Evaluating Limit: n→∞ (n/(n+1)^n

[th3chemist]

Homework Statement

I'm sadly having trouble evaluating this limit.
lim n->∞ (n/(n+1)^n

Homework Equations

The Attempt at a Solution

I have not done limits for a while. I do remember you have to put it as e to the ln of it and attempt to rearrange it. Just not sure how to start.

 

[haruspex]

Try writing it as (1+1/n)^n and doing a binomial expansion.

 

[th3chemist]

Try writing it as (1+1/n)^n and doing a binomial expansion.

A binomial expansion?

 

[Mark44]

A different approach is to let y = (n/(n + 1))ⁿ and then take the ln of both sides. You can then take the limit, which will be amenable to L'Hopital's Rule (with a little manipulation first).

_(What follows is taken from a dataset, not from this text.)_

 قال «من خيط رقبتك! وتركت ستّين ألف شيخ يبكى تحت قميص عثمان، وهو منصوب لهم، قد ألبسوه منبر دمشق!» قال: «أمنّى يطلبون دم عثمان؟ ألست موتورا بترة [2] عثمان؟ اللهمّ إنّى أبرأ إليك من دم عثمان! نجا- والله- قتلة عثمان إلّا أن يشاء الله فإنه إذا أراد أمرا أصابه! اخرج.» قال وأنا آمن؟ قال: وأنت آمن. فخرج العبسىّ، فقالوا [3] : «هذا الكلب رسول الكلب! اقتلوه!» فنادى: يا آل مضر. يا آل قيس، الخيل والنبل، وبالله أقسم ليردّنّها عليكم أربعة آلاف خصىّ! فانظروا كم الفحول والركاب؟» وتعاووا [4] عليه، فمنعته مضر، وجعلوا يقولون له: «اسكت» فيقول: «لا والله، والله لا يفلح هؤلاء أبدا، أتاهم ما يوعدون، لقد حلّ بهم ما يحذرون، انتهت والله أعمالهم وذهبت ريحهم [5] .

The idea is that under suitable conditions, the operations of taking the limit and taking the log can be interchanged.

 

[th3chemist]

A different approach is to let y = (n/(n + 1))ⁿ and then take the ln of both sides. You can then take the limit, which will be amenable to L'Hopital's Rule (with a little manipulation first).

The idea is that under suitable conditions, the operations of taking the limit and taking the log can be interchanged.

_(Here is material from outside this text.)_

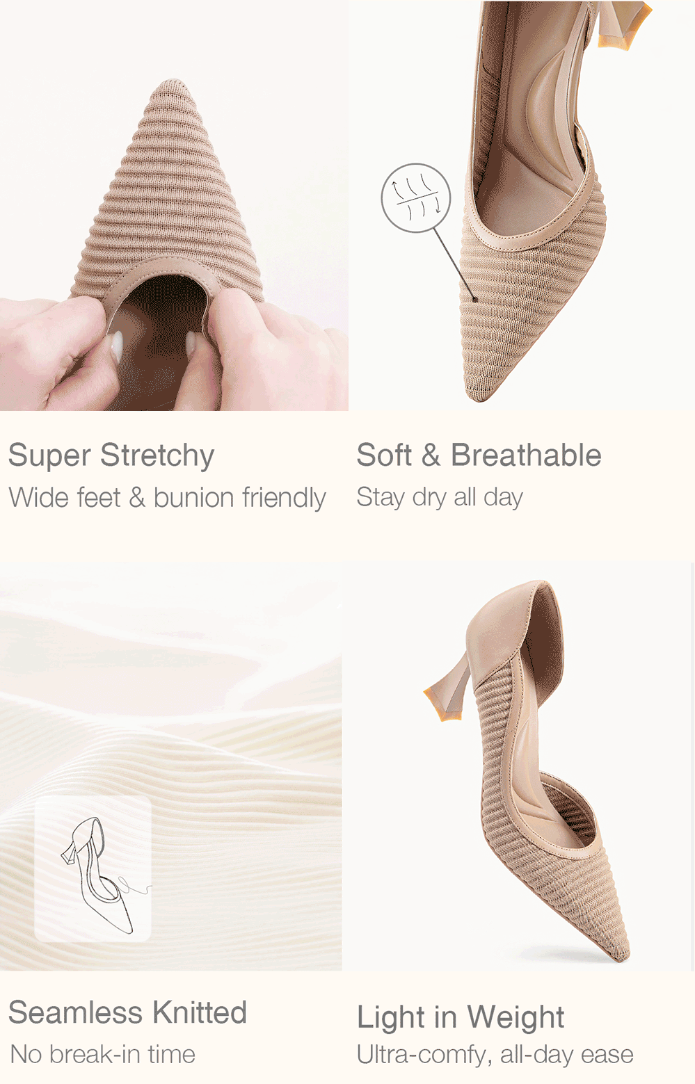 These elegant pumps are expertly crafted from a blend of Fly Woven and PU materials, offering both breathability and durability. Designed with a 7.5cm (2.95 inches) stiletto heel and a sleek pointed toe, they bring a sophisticated edge to any outfit. The cushioned insole and built-in arch support ensure all-day comfort. Ideal for professional settings, social occasions, or the daily commute, these pumps are the perfect blend of style and functionality.

Won't that make it harder?

 

[Mark44]

Won't that make it harder?

Harder than what? The limit you have cannot be evaluated directly, as it is in the indeterminate form [1^∞].

The approach that I suggested gives you a way to evaluate this limit.

 

[th3chemist]

Harder than what? The limit you have cannot be evaluated directly, as it is in the indeterminate form [1^∞].

The approach that I suggested gives you a way to evaluate this limit.

Would I be able to write it in the form lim n-> ∞ e^ln((n/(1+n))^n)

'cause then I can bring down the n and have n*ln(n/(1+n))
then i don't know :[. Divide all by n^2?

 

[Dick]

Would I be able to write it in the form lim n-> ∞ e^ln((n/(1+n))^n)

'cause then I can bring down the n and have n*ln(n/(1+n))
then i don't know :[. Divide all by n^2?

Have you used l'Hopital's rule before? You've now got a limit of the form infinity*0. You want write in, say 0/0 form. Like ln(n/(1+n))/(1/n). Now do l'Hopital.

 

[th3chemist]

Have you used l'Hopital's rule before? You've now got a limit of the form infinity*0. You want write in, say 0/0 form. Like ln(n/(1+n))/(1/n). Now do l'Hopital.

How can you just take the ln of it though. How can you just divide by 1/n? :(

 

[Mark44]

How can you just take the ln of it though. How can you just divide by 1/n? :(

Let y = (n/(n + 1))ⁿ

Take ln of each side:
ln(y) = ln[(n/(n + 1))ⁿ]

You're not dividing by 1/n. There already is a factor of n. Multiplying by n is the same as dividing by 1/n. Since n is a very large number (and so is a long way from 0), there's no danger of division by 0 in 1/n.

Your calculus book should have one or more examples of this technique.

 

[th3chemist]

Let y = (n/(n + 1))ⁿ

Take ln of each side:
ln(y) = ln[(n/(n + 1))ⁿ]

You're not dividing by 1/n. There already is a factor of n. Multiplying by n is the same as dividing by 1/n. Since n is a very large number (and so is a long way from 0), there's no danger of division by 0 in 1/n.

Your calculus book should have one or more examples of this technique.

don't you put it the limit as e^ln (n/(n+1))^n ?

 

[Dick]

don't you put it the limit as e^ln (n/(n+1))^n ?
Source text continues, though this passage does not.